The Run Virtually Action of the Auto-Sandbox is the exact same thing as the Run Restricted Action with a slight difference: Run Restricted = Run Virtually+ Restriction Level (possible restriction levels: "Partially Limited", "Limited", "Untrusted", "Restricted"). This means that the Run Restricted Action is actually a part of Run Virtually, and it exists only as a quick option (shortcut) to set the Sandbox to both virtualize and restrict specific actions of an item. Users can disable the restriction using Run Virtually whereas with Run Restricted it cannot be disabled

 

https://malwaretips.com/threads/malware-bypass-comodo-firewall-cs-settings.70965/

 

i know very well , i pinpointed the cause which the tester wasn't fully aware due to his inexperience with Comodo but at least, he discovered this vulnerability, which is a good thing.

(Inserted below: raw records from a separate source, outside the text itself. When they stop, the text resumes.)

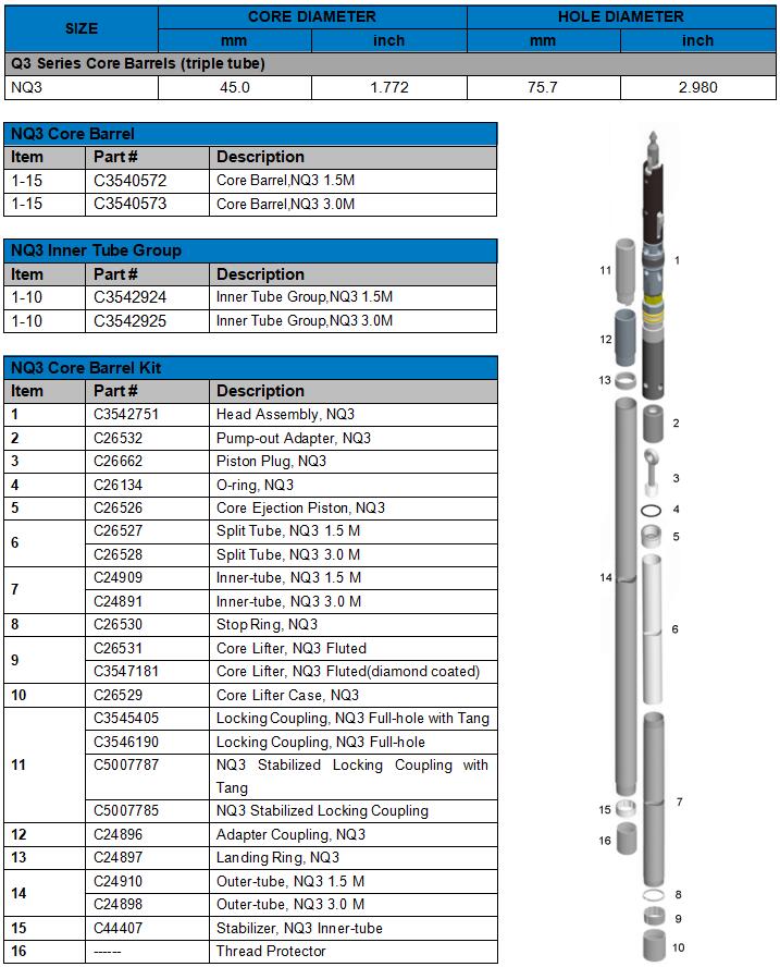 Core Barrel,NQ3 1.5M Core Barrel,NQ3 3.0M Inner Tube Group,NQ3 1.5M Inner Tube Group,NQ3 3.0M Head Assembly, NQ3 Pump-out Adapter, NQ3 Piston Plug, NQ3 O-ring, NQ3 Core Ejection Piston, NQ3 Split Tube, NQ3 1.5 M Split Tube, NQ3 3.0 M Inner-tube, NQ3 1.5 M Inner-tube, NQ3 3.0 M Stop Ring, NQ3 Core Lifter, NQ3 Fluted Core Lifter, NQ3 Fluted(diamond coated) Core Lifter Case, NQ3 Locking Coupling, NQ3 Full-hole with Tang Locking Coupling, NQ3 Full-hole NQ3 Stabilized Locking Coupling with Tang NQ3 Stabilized Locking Coupling Adapter Coupling, NQ3 Landing Ring, NQ3 Outer-tube, NQ3 1.5 M Outer-tube, NQ3 3.0 M Stabilizer, NQ3 Inner-tube Thread Protector NQ to NQ3 Conversion Kit, 1.5 M NQ to NQ3 Conversion Kit, 3.0 M Split Tube, NQ3 1.5 M Split Tube, NQ3 3.0 M Stop Ring, NQ3 Core Lifter, NQ3 Fluted Core Lifter Case, NQ3 Core Ejection Piston, NQ3 O-ring, NQ3 Piston Plug, NQ3 Pump-out Adapter, NQ3 NQ3 Core Barrel Spare Parts Kit Spearhead Point,NQ3 Compression Spring,NQ3 Detent Plunger,NQ3 Spiral Pin,7/16" X 1" Spring Pin, 1/2" x 2" Nylok Bolt 3/8" -16UNC x 3/4" Compression spring Latch, NQ3 Link, NQ3 Spring Pin, 1/2" x 1-1/2" Stainless Steel Ball, 22mm Indicator Bushing Landing Shoulder, NQ3 Hex Nut, 1-1/8" UNC Shut-off Valve, NQ3 Thrust Bearing Spindle Bushing, NQ3 Hanger Bearing Lock Nut Hydraulic Grease Fitting Stop Ring, NQ3 Core Lifter, NQ3 Fluted Core Lifter Case, NQ3 O-ring, NQ3 Landing Ring, NQ3 Stabilizer, NQ3 Inner-tube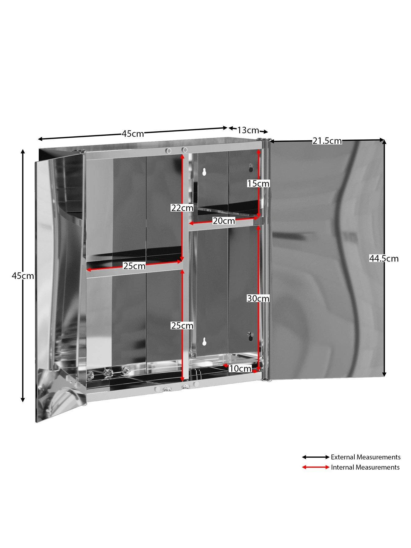 Bath Vida Tiano Stainless Steel Mirrored Double Cabinet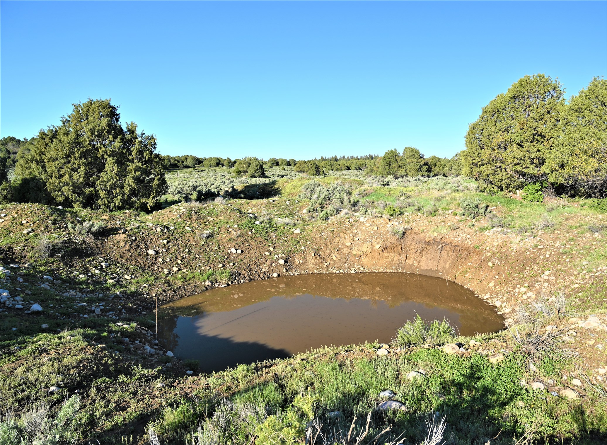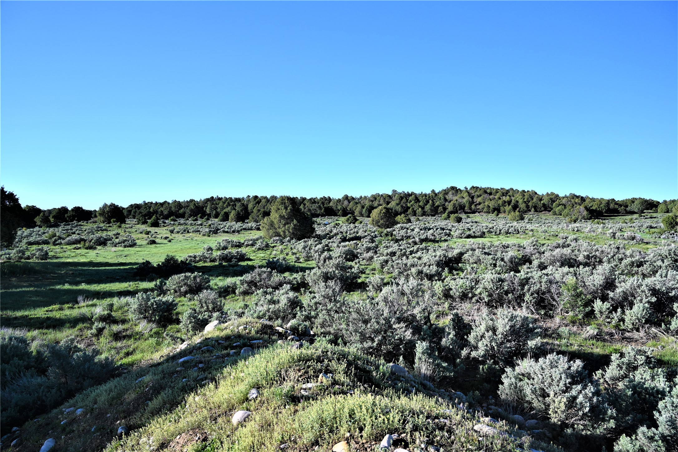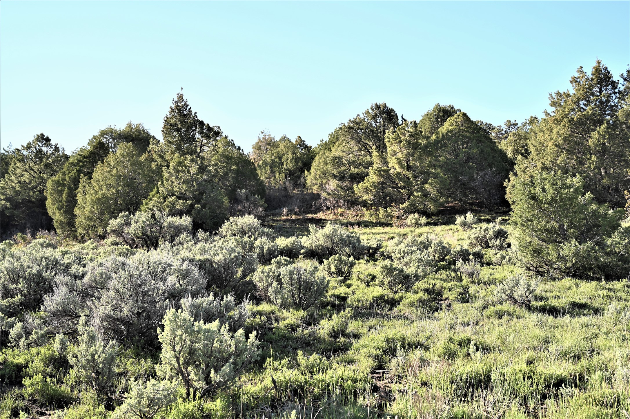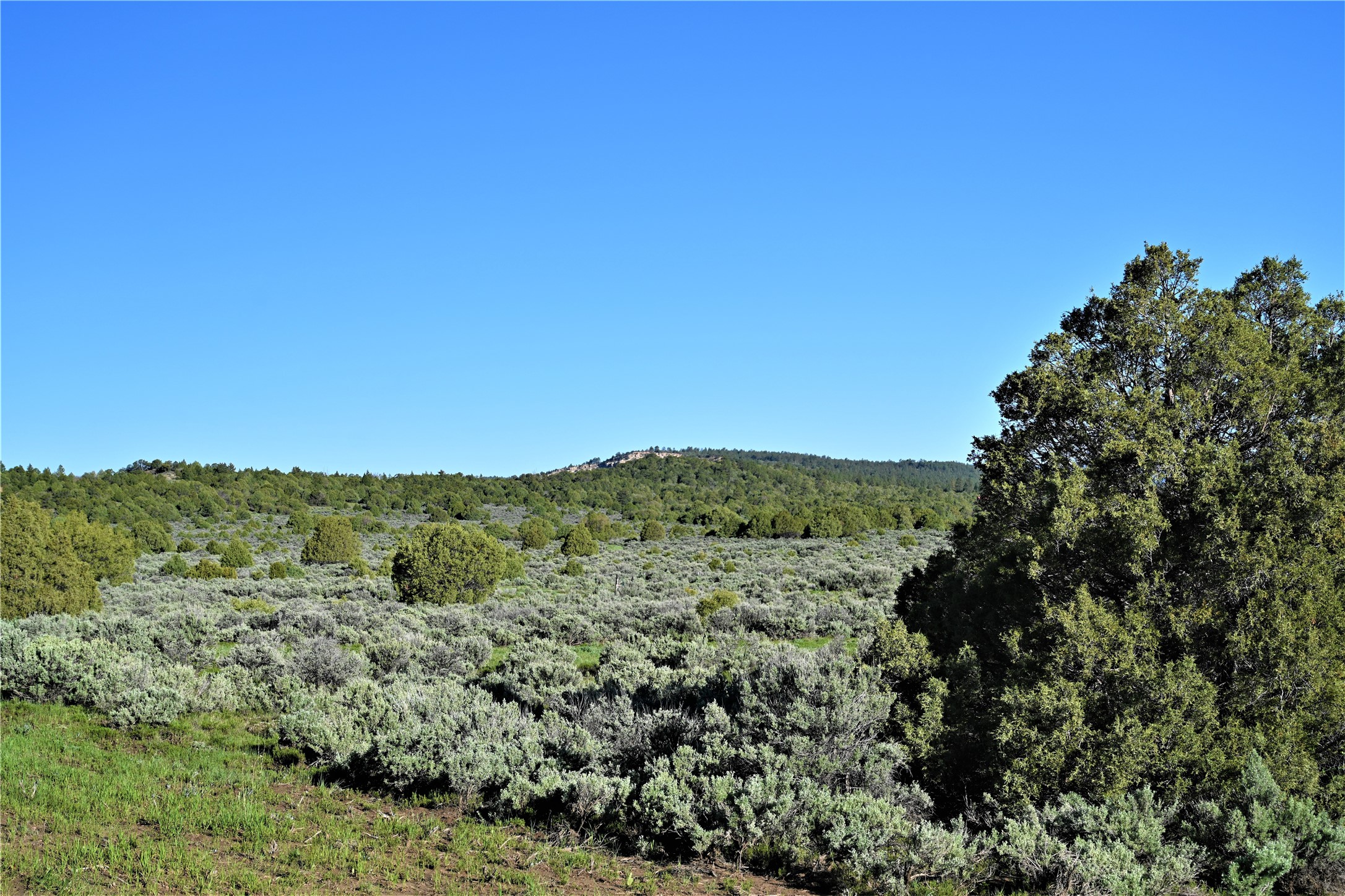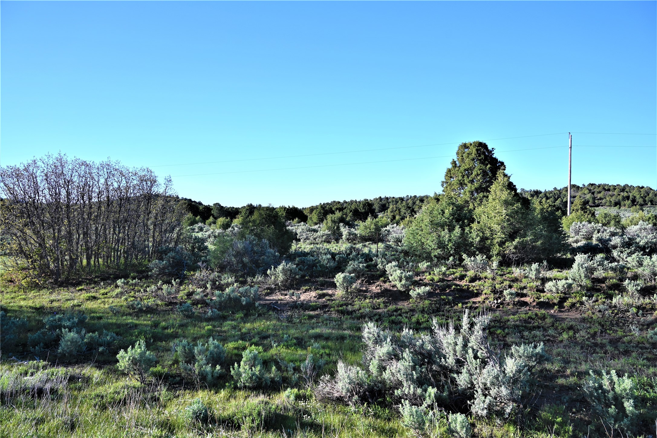 Beautiful Northern NM hunting property. The place has been set up for Elk and Mule Deer hunting. Has been assigned 1 Elk tag in the past years and a couple of Mule Deer tags as well. Turkey and Black Bear also roam this property. The current owner has put in work to get this place where its at today. Some areas of Sage have been cleared and planted with Grass and Alfalfa. Hunting Stand put in place. The fence has special areas for the animals to cross back and forth. Nice deep water hole that is spring and run off fed. A 300 yard shooting range for getting your Rifles zeroed in. This is GREAT private hunting property. Real easy to get around in. Power at the front of the property.

And from Comodo mods, it wasn't the first time.

 

@guest has the settings down that's for sure. Took some tips and had another crack at it. Why?

Because HIPS are so telling (details) as well as rule setting (locking down with or w/o alerts. I tend to favor a chatty one. They can be made -Silent too.

In my brief run around with CFW only, I like the firewall best because all the other aside from maybe (HIPS/Sandbox) exhibits way to much weight.

IF that program was as paper thin and light as EQSecure was in it's hey day, it would be a no brainer to stick it in with the rest of my security mess, but............no can do As-Is.

I know plenty like it just as it is while it goes from one to the next release and all, but I quickly realized that I am strictly a streamline and lightweight typeee!

Suppose it depends on what runs best and stands up best with your current machine's energy level.